The mechanisms underlying these gastrointestinal effects include: (1) GLP-1 receptor activation on enteric neurons, altering gastric emptying and intestinal transit; (2) direct effects on the chemoreceptor trigger zone and vomiting centre; and (3) changes in the gut microbiota composition and metabolite production. Management strategies in clinical practice include dose escalation delays, use of anti-emetics (ginger, prescription antiemetics), dietary modifications (small frequent meals, bland diet), and reassurance regarding time-dependent resolution. Discontinuation due to gastrointestinal intolerance occurs in approximately 4–8% of trial participants but may be higher (10–15%) in real-world settings.

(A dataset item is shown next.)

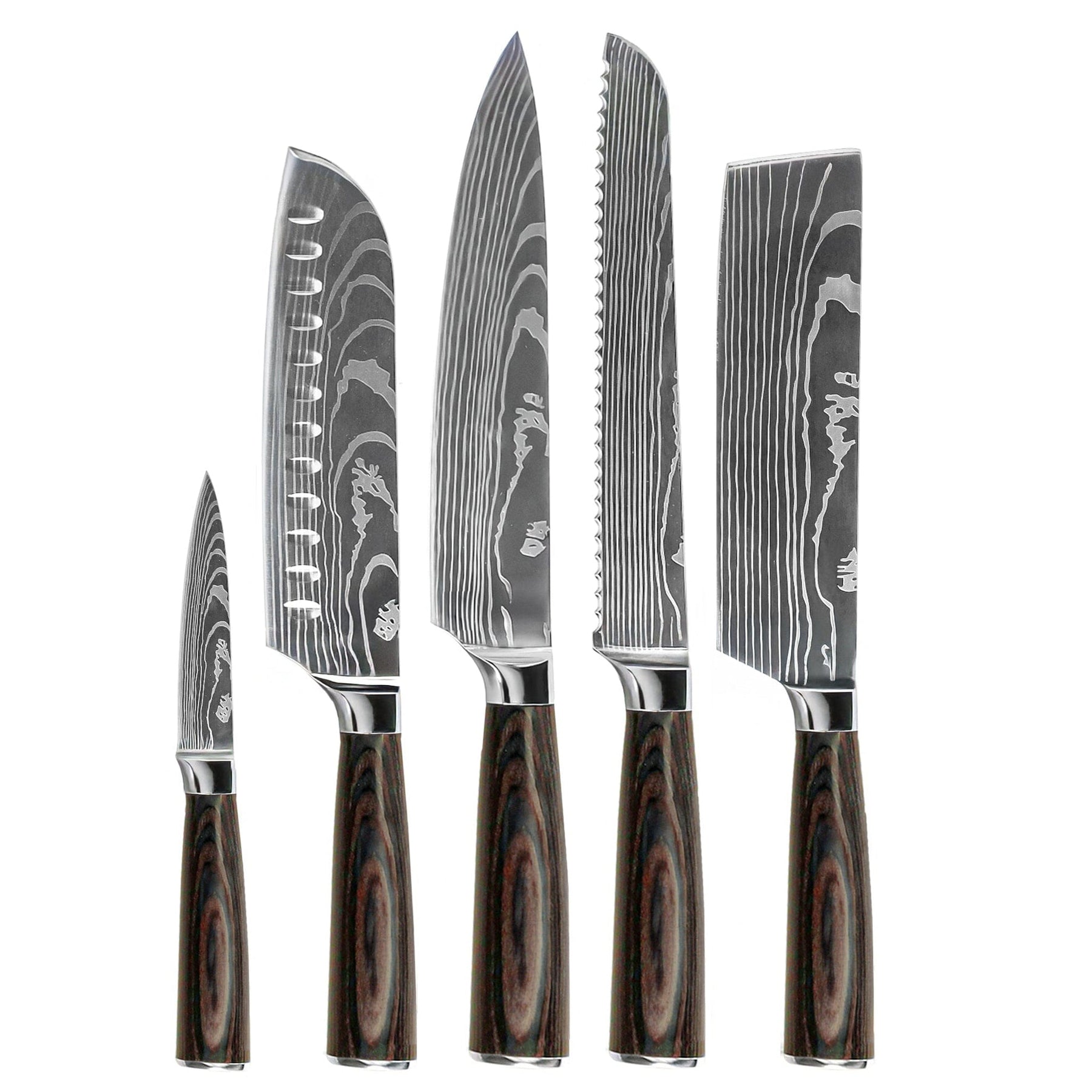 Five essential knives, one smart bundle. High-carbon steel with Damascus patterns at a great price.

Acute pancreatitis has been reported with semaglutide and GLP-1 agonists generally. However, in the STEP and SUSTAIN trials, acute pancreatitis occurred at similar frequencies in semaglutide and placebo arms (approximately 0.3–0.5%), not supporting a causal relationship. Mechanistically, GLP-1 receptor agonists theoretically could increase pancreatitis risk through cholecystokinin (CCK) secretion, but clinical data do not clearly support this mechanism. Most case reports of pancreatitis with GLP-1 agonists occurred in patients with risk factors (gallstones, hypertriglyceridaemia, prior pancreatitis), confounding causality attribution.

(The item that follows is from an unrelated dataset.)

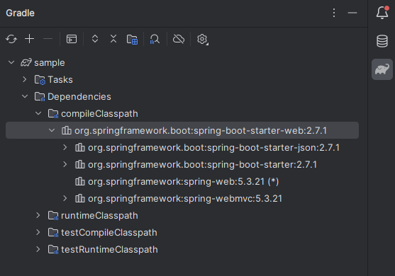 스프링 부트 프로젝트 우측의 Gradle에서 Dependencies 하위 목록을 살피면 Tomcat이 포함되어 있는 것을 확인할 수 있다.

Gallbladder-related events (biliary dyskinesia, choledocholithiasis, cholecystitis) were reported in STEP and SUSTAIN trials at similar frequencies in semaglutide and placebo arms, again not supporting a causal relationship. However, GLP-1 agonists slow gastric emptying and may alter bile flow, theoretically increasing gallstone formation. Real-world data from registries have raised concerns about increased cholecystectomy rates in GLP-1 agonist users, but causality remains uncertain. Acute kidney injury, hospitalization for heart failure, and severe infections occurred at comparable rates in semaglutide and placebo arms in trials.

Clinical guidelines recommend baseline assessment of gastrointestinal tolerability and symptoms suggestive of pancreatitis (epigastric pain) or gallbladder disease (right upper quadrant pain). Periodic monitoring of renal function is recommended, particularly in those with baseline renal disease; semaglutide is cleared hepatically with minimal renal excretion, but acute kidney injury could result from severe dehydration secondary to diarrhoea or vomiting. Monitoring of heart rate is recommended, given the modest increases (2–3 bpm) observed; however, serious arrhythmias were uncommon in trials.

Special populations require additional consideration: (1) Patients with prior pancreatitis should be counselled on pancreatitis symptoms and may warrant closer monitoring; (2) those with gallstone disease may face increased risk of biliary complications, though data are inconclusive; (3) patients with thyroid cancer history are excluded from semaglutide use due to the thyroid C-cell boxed warning; (4) renal impairment requires monitoring but does not necessarily preclude use (SUSTAIN 5 included moderate renal disease).

Long-term safety beyond 2–3 years remains incompletely characterized; most trials were of 68–104 weeks duration. Real-world post-marketing surveillance provides longer follow-up but lacks the rigorous design of randomised trials. Some emerging real-world data suggest potential increased cholecystectomy rates with GLP-1 agonists, but confounding by obesity, metabolic syndrome, and other risk factors is difficult to exclude. The long-term neurological effects of sustained GLP-1 receptor agonism (given the distributed expression in the central nervous system) are unknown.

Additionally, the thyroid C-cell tumour signal from preclinical rodent studies has not translated clinically, but the mechanism underlying species-specific toxicology remains unclear. This knowledge gap complicates risk communication to patients regarding the thyroid warning. Finally, the potential for microbiota dysbiosis from sustained semaglutide use, and any long-term immunological consequences, remain speculative areas for future research.